Use the following command in your terminal or Powershell to run the program:

go run .\main.go

Or, you can also run the main.exe. Make sure to check the log file for the success of the program.

Here is how you can test and benchmark the code:

# Test the code to compare coefficient of regression between Python and R against the Go code
go test -v

# Benchmark the code to obtain execution times of the Go code
go test -bench=.

Code Explanation

Helper function that generates a population with the specified mean and standard deviation:

func generatePopulation(size int, mean, stddev float64) []float64 {
	population := make([]float64, size)
	rand.Seed(time.Now().UnixNano())
	for i := 0; i < size; i++ {
		population[i] = rand.NormFloat64()*stddev + mean
	}
	return population
}

Note that rand.Seed is apparently deprecated, but using the code in this way has not caused any issues with running the code.

Simple helper functions to calculate the median, mean and standard error:

func median(data []float64) float64 {
	sort.Float64s(data)
	n := len(data)
	if n%2 == 0 {
		return (data[n/2-1] + data[n/2]) / 2.0
	}
	return data[n/2]
}

func mean(data []float64) float64 {
	sum := 0.0
	for _, value := range data {
		sum += value
	}
	return sum / float64(len(data))
}

func standardError(data []float64) float64 {
	mean := mean(data)
	variance := 0.0
	for _, value := range data {
		variance += math.Pow(value-mean, 2)
	}
	variance /= float64(len(data) - 1) // Use sample variance
	return math.Sqrt(variance) / math.Sqrt(float64(len(data)))
}

Function to perform bootstrapping and calculate the standard error of mean and median:

func bootstrap(population []float64, bootstrapSamples, sampleSize int) (float64, float64) {
	means := make([]float64, bootstrapSamples)
	medians := make([]float64, bootstrapSamples)
	for i := 0; i < bootstrapSamples; i++ {
		sample := make([]float64, sampleSize)
		for j := 0; j < sampleSize; j++ {
			sample[j] = population[rand.Intn(len(population))]
		}
		means[i] = mean(sample)
		medians[i] = median(sample)
	}

	seMean := standardError(means)
	seMedian := standardError(medians)
	return seMean, seMedian
}

Start profiling within the main function:

    go func() {
        err := http.ListenAndServe("localhost:6060", nil)
        if err != nil {
            log.Fatalf("Failed to start pprof server: %v", err)
        }
}()

Set up logging. This appends the report in the file each time the program is ran:

    logFile, err := os.OpenFile("bootstrap.log", os.O_CREATE|os.O_WRONLY|os.O_APPEND, 0666)
	if err != nil {
		log.Fatal(err)
	}
	defer logFile.Close()
	log.SetOutput(logFile)

Testing

To run the tests and benchmarks, use the following commands:

go test -v

go test -bench=

Profiling

The program includes a profiling server that can be accessed at localhost:6060. Once the program is executed, it will run idly for 5 minutes at the end of the main function execution to allow user to check the profiling.

Analysis and Comparison

In order to compare the performance of the Go program with the R program written by Thomas W. Miller, I modified the R code to include memory usage and execution time for the bootstrapping. I have also included the log file for both the R program here as well as the one for the Go program here.

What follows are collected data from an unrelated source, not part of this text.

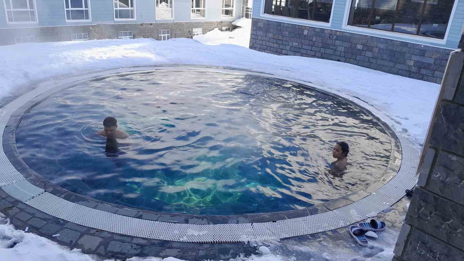 Uludağ’da kayak yaparak üşüyen turistler, 37 derecelik açık havuzda yorgunluk ve stres atıyor.
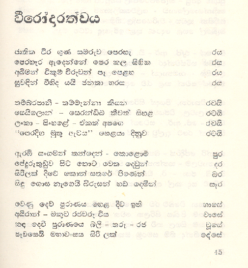 "Swarnamali" - Poem no. 7: "Weerodarathwaya" (The Heroism)
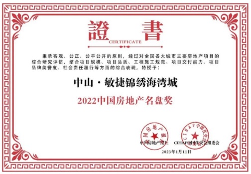 日前,在由中國房地產報聯合中國城市與區域治理研究院、中國住交會舉辦的“2023中國房地產年度趨勢論壇暨CIHAF 2022第二十三屆中國住交會”上,敏捷集團旗下大盤——中山·敏捷錦繡海灣城憑借卓越的產品力、交付力在此次評選中脫穎而出,榮獲“2022中國房地產名盤獎”,再一次展現了行業對敏捷集團不斷升級夯實產品硬實力、持續提升品質服務的高度肯定。
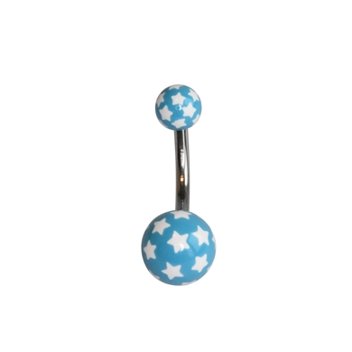 Nombril en acrylique, bleu clair avec étoiles en blanc
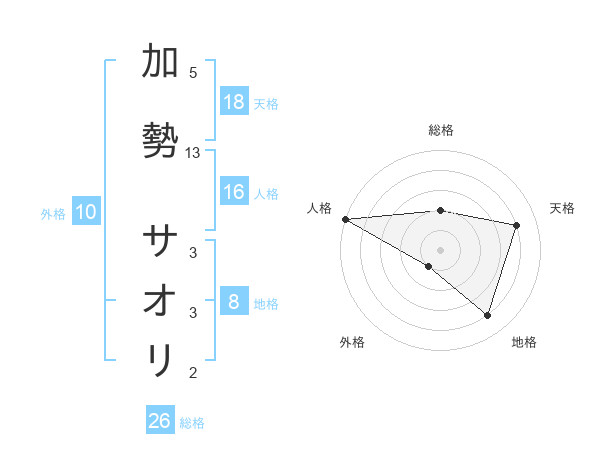 加勢 サオリさんの天格は18画の4点!
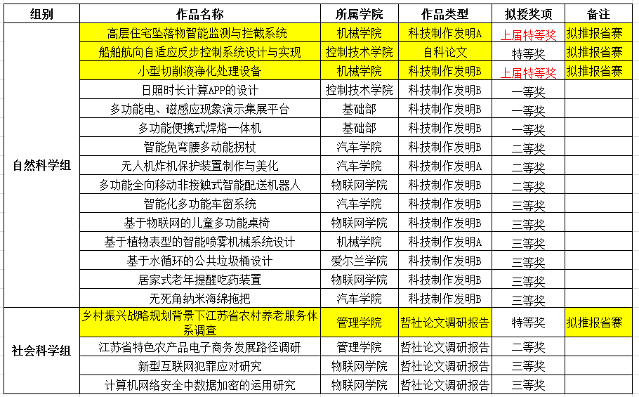 2021年无锡职业技术学院“挑战杯”决赛结果及江苏省赛推报情况公示
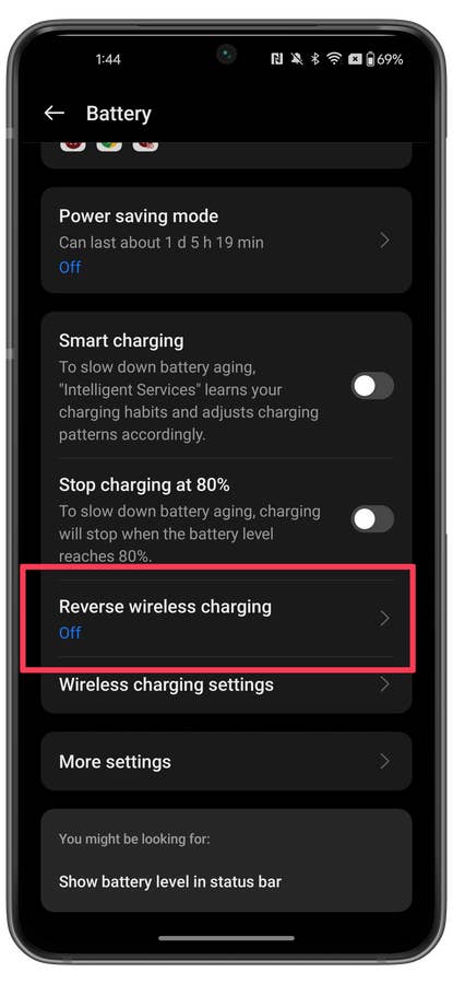 Unter OxygenOS (und einigen ColorOS-Versionen) sind die Schritte für das umgekehrte drahtlose Laden wie folgt:
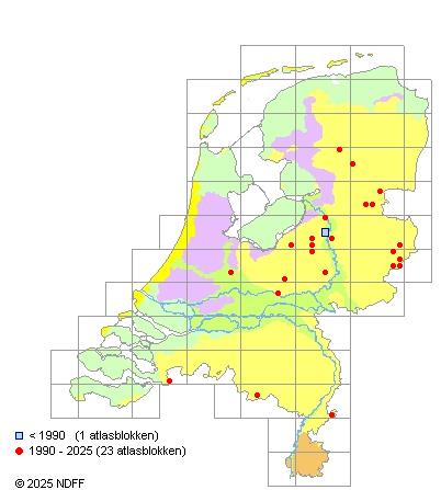 Het aantal atlasblokken (5x5 km) waarin de soort is gemeld binnen een periode van vijf jaar (vanaf 1980) of twintig jaar. Niet gecorrigeerd voor waarnemersinspanning en het aantal doorgegeven waarnemingen kan sterk variëren per periode, dus een trend in verspreiding kan hier niet direct uit worden afgelezen. Het opgegeven jaartal is het eerste jaar van de periode. Bron: gevalideerde waarnemingen uit de NDFF.
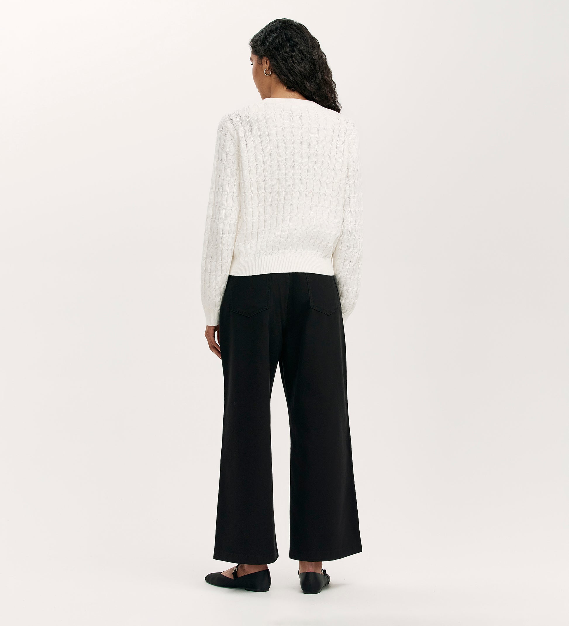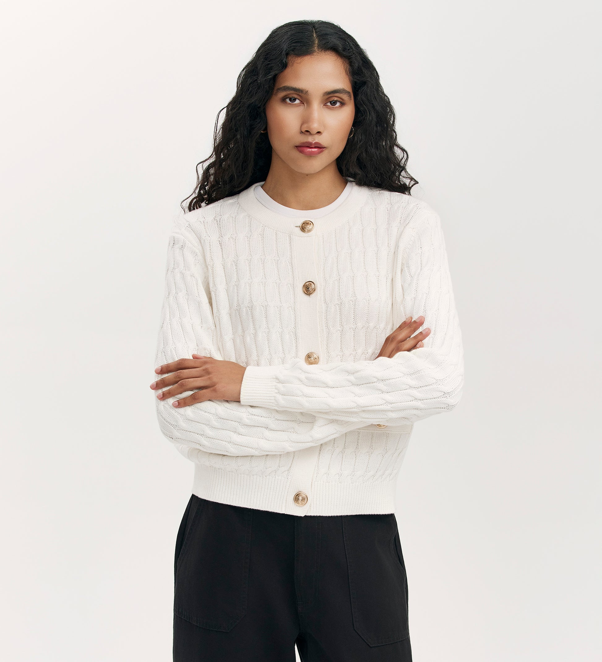 Elaine is a knitted cardigan that balances cosy texture with timeless detail. Featuring a round neckline and long sleeves, she's crafted in a classic cable knit and finished with gleaming gold buttons. Front pockets add practicality, while her relaxed fit makes Elaine an easy layering piece you'll reach for season after season.

We can compare the functionality of both programs by comparing the outputs to see if they generate similar results. Following are the output generated by each program, which can also be found in their respective log files:

Study conditions:
  Population mean: 100 SD: 10 

Estimated standard errors using 100 bootstrap samples

Samples of size n = 25
  SE Mean from Central Limit Theorem: 2
  SE Mean from Samples: 1.99
  SE Mean from Bootstrap Samples: 1.99
  SE Median from Bootstrap Samples: 2.32

Samples of size n = 100
  SE Mean from Central Limit Theorem: 1
  SE Mean from Samples: 1.05
  SE Mean from Bootstrap Samples: 1.05
  SE Median from Bootstrap Samples: 1.23

Samples of size n = 225
  SE Mean from Central Limit Theorem: 0.67
  SE Mean from Samples: 0.68
  SE Mean from Bootstrap Samples: 0.69
  SE Median from Bootstrap Samples: 0.8

Samples of size n = 400
  SE Mean from Central Limit Theorem: 0.5
  SE Mean from Samples: 0.53
  SE Mean from Bootstrap Samples: 0.52
  SE Median from Bootstrap Samples: 0.65

2024/11/19 19:36:20 Generated population
2024/11/19 19:36:20 Samples of size n = 25
2024/11/19 19:36:20   SE Mean from Central Limit Theorem for n = 25: 0.06
2024/11/19 19:36:20   SE Mean from Bootstrap Samples: 0.21
2024/11/19 19:36:20   SE Median from Bootstrap Samples: 0.24
2024/11/19 19:36:20 Samples of size n = 100
2024/11/19 19:36:20   SE Mean from Central Limit Theorem for n = 100: 0.03
2024/11/19 19:36:20   SE Mean from Bootstrap Samples: 0.09
2024/11/19 19:36:20   SE Median from Bootstrap Samples: 0.10
2024/11/19 19:36:20 Samples of size n = 225
2024/11/19 19:36:20   SE Mean from Central Limit Theorem for n = 225: 0.02
2024/11/19 19:36:20   SE Mean from Bootstrap Samples: 0.07
2024/11/19 19:36:20   SE Median from Bootstrap Samples: 0.08
2024/11/19 19:36:20 Samples of size n = 400
2024/11/19 19:36:20   SE Mean from Central Limit Theorem for n = 400: 0.02
2024/11/19 19:36:20   SE Mean from Bootstrap Samples: 0.04
2024/11/19 19:36:20   SE Median from Bootstrap Samples: 0.05
2024/11/19 19:36:20 Memory used for population generation and bootstrapping: 155080 bytes

We see that while the values returned from the Go program does not look similar to the ones from the R program, they follow a similar trend, where the standard error is lower as the sample size increases. This means that the program function correctly performs bootstrap resampling in Go.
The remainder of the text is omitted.